- [Task instructions]:
Nothing outside the lines below from the one containing "и популярные мессенджеры." through the one containing "You can't go" is to be printed; print those exactly, ends included, and drop the pictures.

- [Records]:
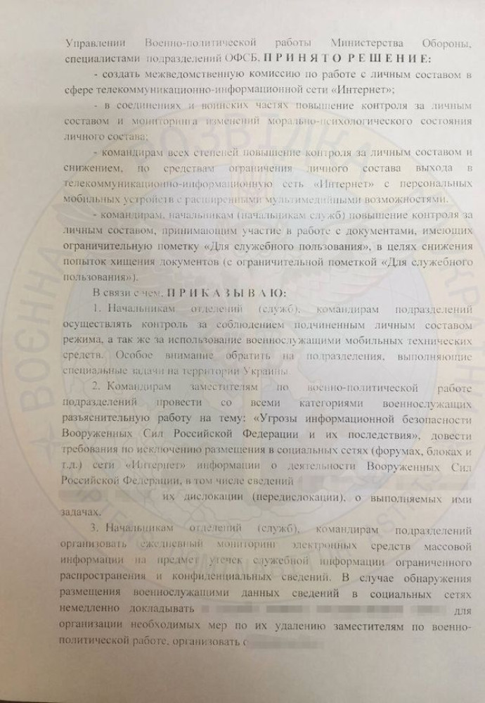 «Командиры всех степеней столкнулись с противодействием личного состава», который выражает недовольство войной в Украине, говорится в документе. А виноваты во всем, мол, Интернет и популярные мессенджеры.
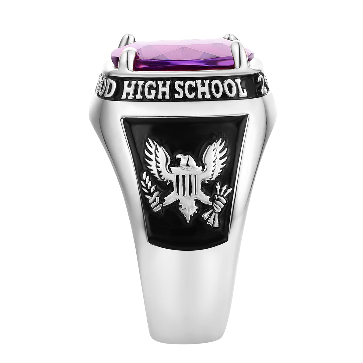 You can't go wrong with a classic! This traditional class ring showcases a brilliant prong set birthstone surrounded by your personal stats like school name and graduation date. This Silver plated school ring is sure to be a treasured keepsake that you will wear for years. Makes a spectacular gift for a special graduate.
--
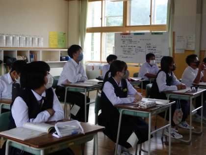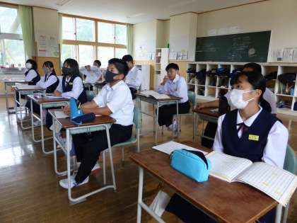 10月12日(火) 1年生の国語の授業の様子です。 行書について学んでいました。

- [Task solution]:
 «Командиры всех степеней столкнулись с противодействием личного состава», который выражает недовольство войной в Украине, говорится в документе. А виноваты во всем, мол, Интернет и популярные мессенджеры.
 You can't go wrong with a classic! This traditional class ring showcases a brilliant prong set birthstone surrounded by your personal stats like school name and graduation date. This Silver plated school ring is sure to be a treasured keepsake that you will wear for years. Makes a spectacular gift for a special graduate.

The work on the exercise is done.